For this exercise, write out only the lines of the entries below from the one with "Women's Fanatics Black" up to and including the one with "Hammocks Factory: Our Workshop", exactly as they are. Pictures stay out.

*** Extracted data

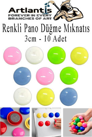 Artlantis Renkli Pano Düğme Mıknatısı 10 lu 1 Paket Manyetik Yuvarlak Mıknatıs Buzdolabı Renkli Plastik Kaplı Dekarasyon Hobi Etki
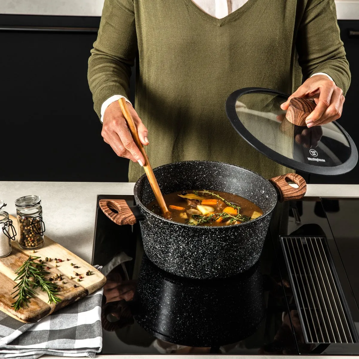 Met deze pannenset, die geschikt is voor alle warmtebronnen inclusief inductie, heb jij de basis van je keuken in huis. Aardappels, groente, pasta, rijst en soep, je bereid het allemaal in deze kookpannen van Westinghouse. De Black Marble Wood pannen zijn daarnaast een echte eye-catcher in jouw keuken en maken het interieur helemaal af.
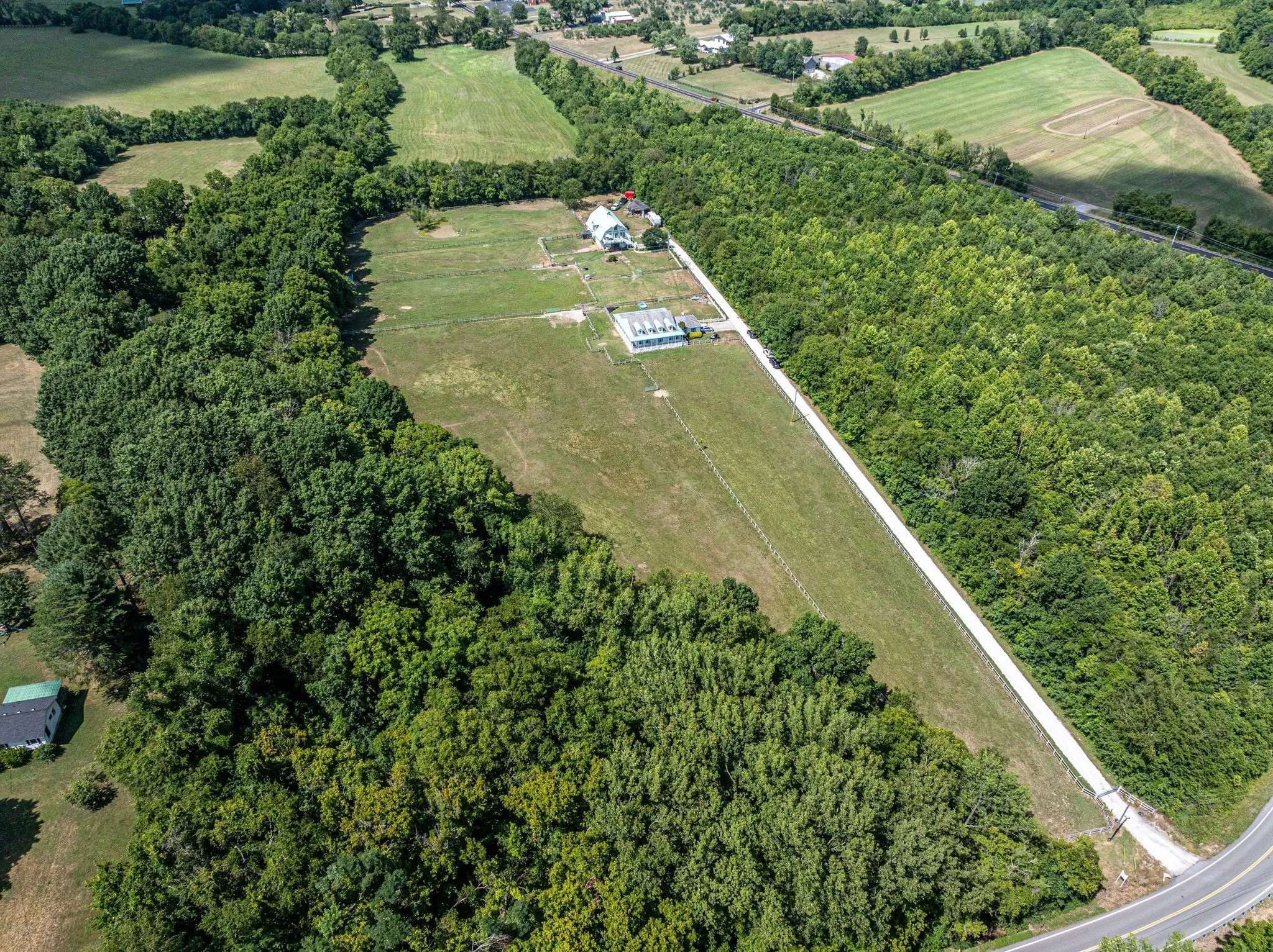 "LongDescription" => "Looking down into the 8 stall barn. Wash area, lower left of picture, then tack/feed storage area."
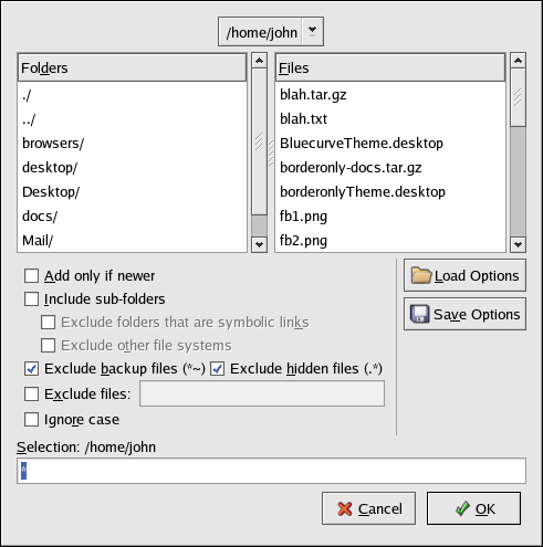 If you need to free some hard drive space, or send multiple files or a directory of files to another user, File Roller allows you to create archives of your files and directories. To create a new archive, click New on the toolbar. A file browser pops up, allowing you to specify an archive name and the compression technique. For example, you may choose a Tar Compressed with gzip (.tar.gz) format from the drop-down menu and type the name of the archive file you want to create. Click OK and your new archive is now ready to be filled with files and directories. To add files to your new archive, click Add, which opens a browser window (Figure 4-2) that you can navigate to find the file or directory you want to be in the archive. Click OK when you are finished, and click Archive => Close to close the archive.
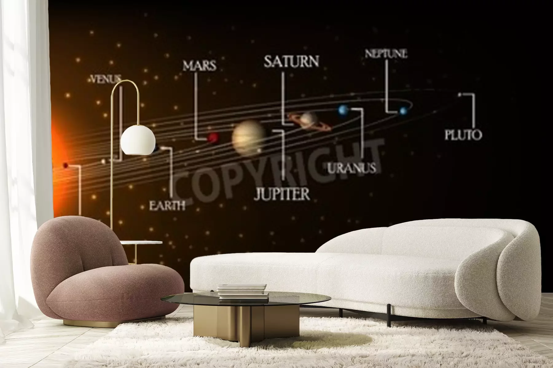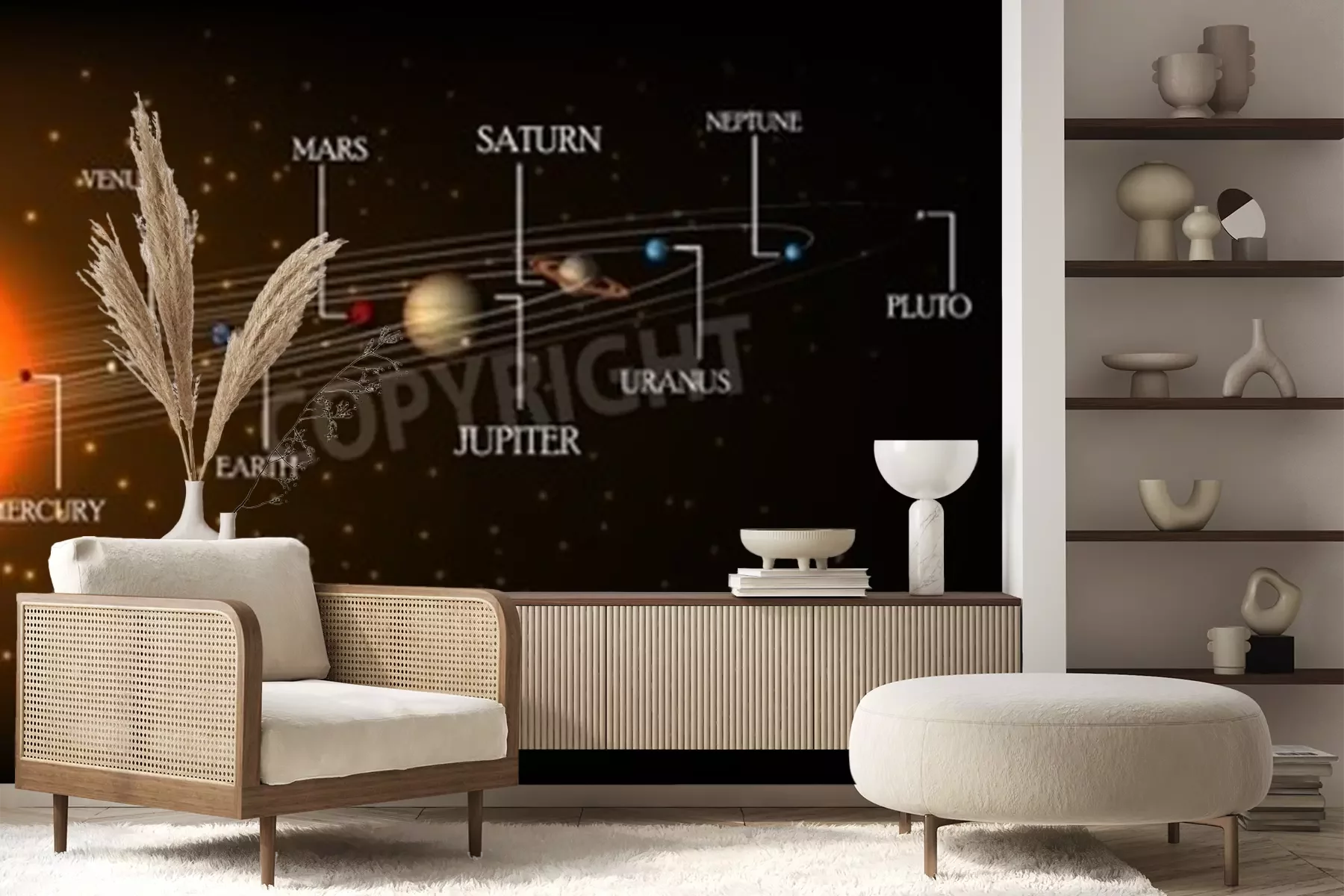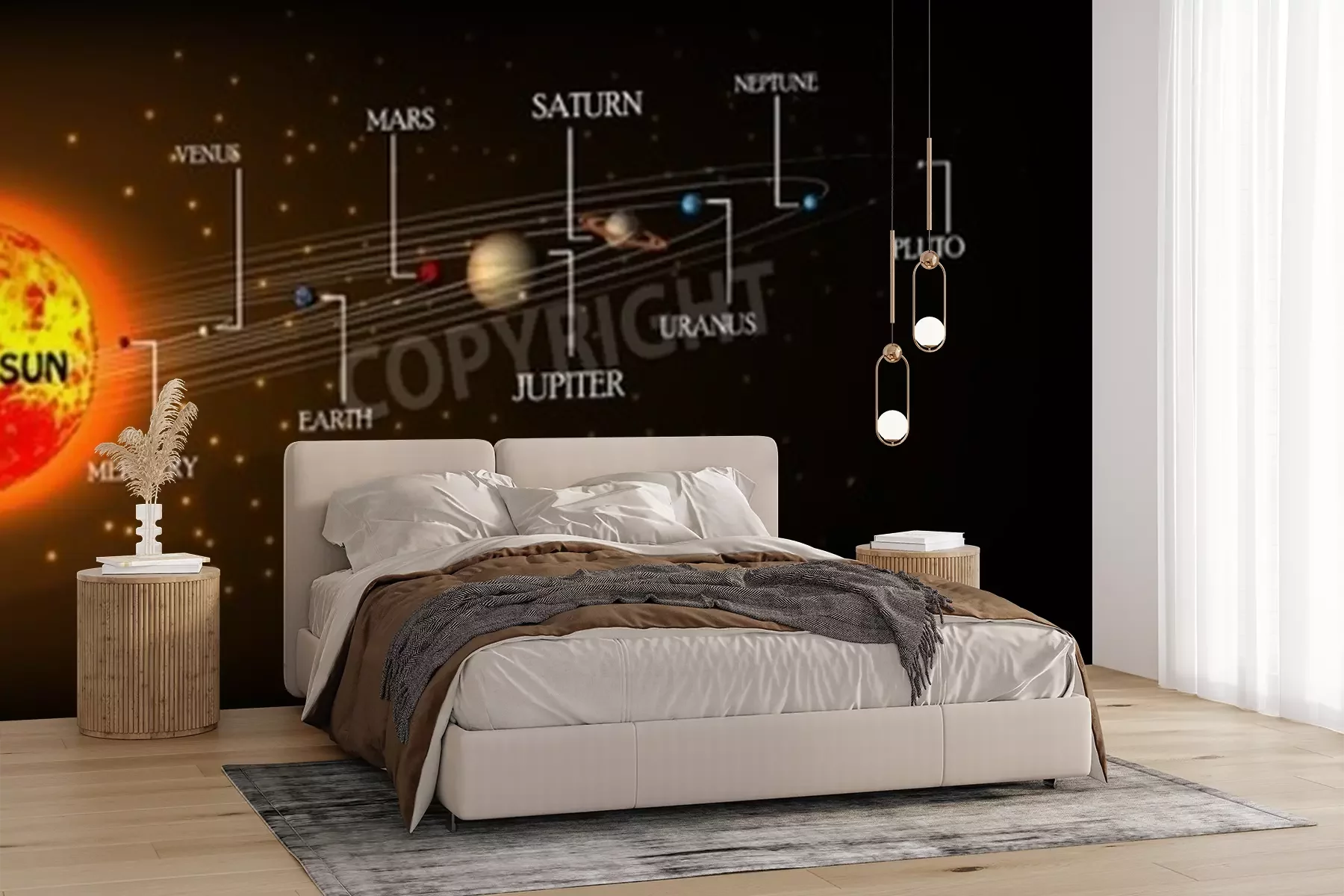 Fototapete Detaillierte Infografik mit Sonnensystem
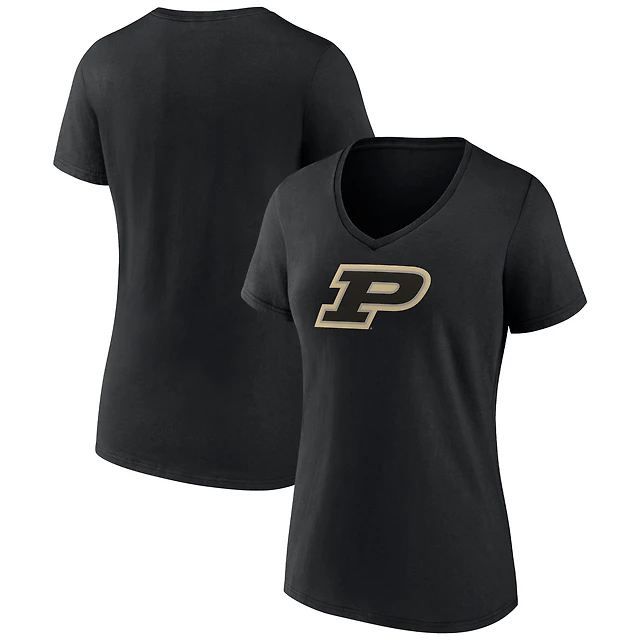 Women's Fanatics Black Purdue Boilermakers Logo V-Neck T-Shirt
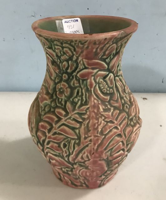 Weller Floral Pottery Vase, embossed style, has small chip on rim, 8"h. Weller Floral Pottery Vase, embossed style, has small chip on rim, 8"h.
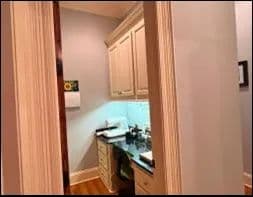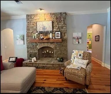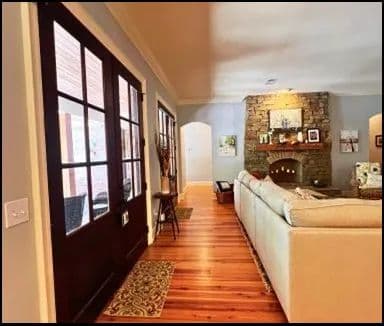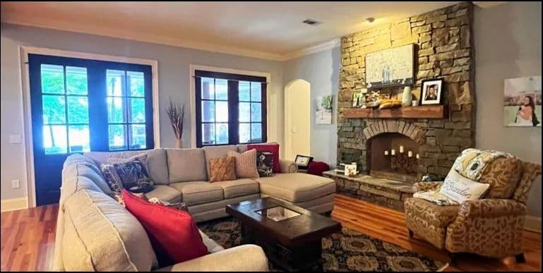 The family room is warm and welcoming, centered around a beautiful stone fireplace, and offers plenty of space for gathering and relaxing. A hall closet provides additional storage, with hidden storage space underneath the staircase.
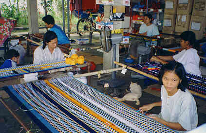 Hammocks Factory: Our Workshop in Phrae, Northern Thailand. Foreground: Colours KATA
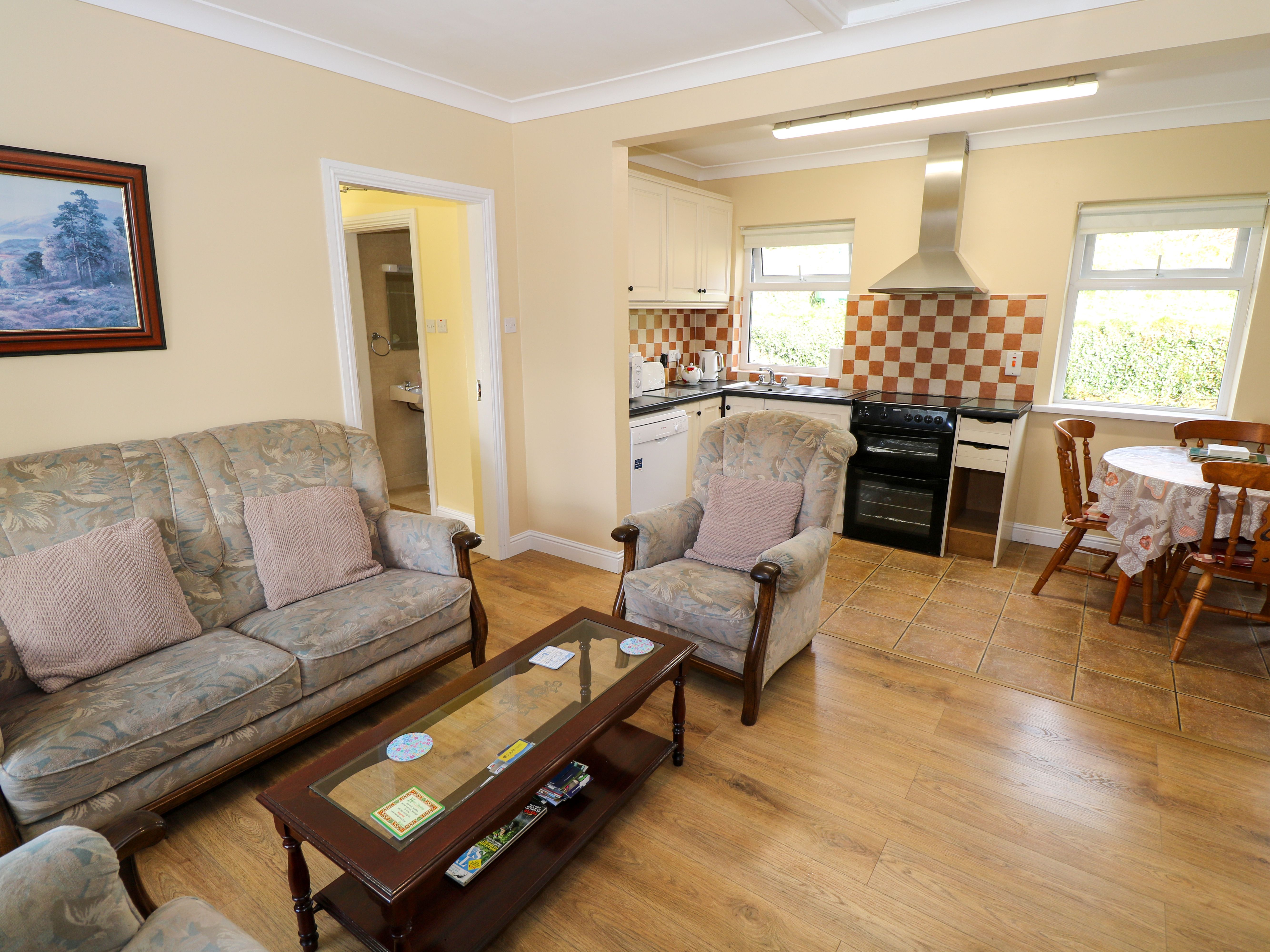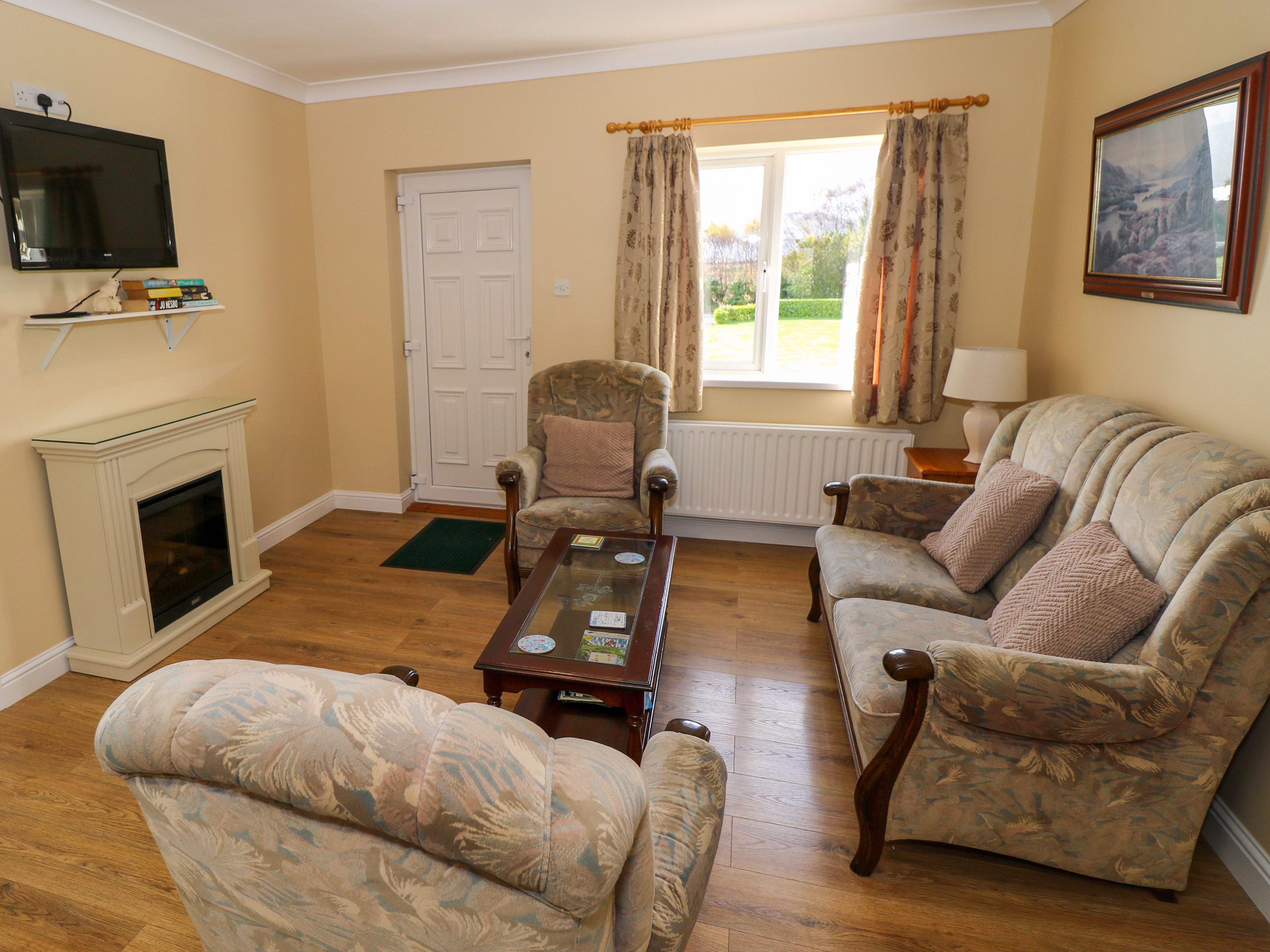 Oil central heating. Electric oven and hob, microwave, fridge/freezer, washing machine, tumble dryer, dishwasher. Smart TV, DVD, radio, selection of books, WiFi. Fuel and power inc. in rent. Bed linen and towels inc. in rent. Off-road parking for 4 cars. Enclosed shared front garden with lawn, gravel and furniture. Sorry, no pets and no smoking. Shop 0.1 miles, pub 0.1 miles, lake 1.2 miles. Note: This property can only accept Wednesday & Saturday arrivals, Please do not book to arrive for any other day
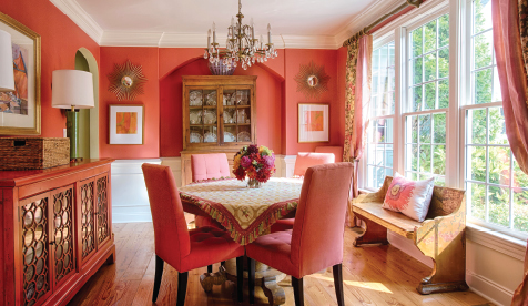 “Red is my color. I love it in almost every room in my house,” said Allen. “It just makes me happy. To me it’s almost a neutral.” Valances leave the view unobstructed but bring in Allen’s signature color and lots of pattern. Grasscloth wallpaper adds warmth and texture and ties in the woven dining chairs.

******

Output for this exercise -
 Women's Fanatics Black Purdue Boilermakers Logo V-Neck T-Shirt
 Weller Floral Pottery Vase, embossed style, has small chip on rim, 8"h. Weller Floral Pottery Vase, embossed style, has small chip on rim, 8"h.
 The family room is warm and welcoming, centered around a beautiful stone fireplace, and offers plenty of space for gathering and relaxing. A hall closet provides additional storage, with hidden storage space underneath the staircase.
 Hammocks Factory: Our Workshop in Phrae, Northern Thailand. Foreground: Colours KATA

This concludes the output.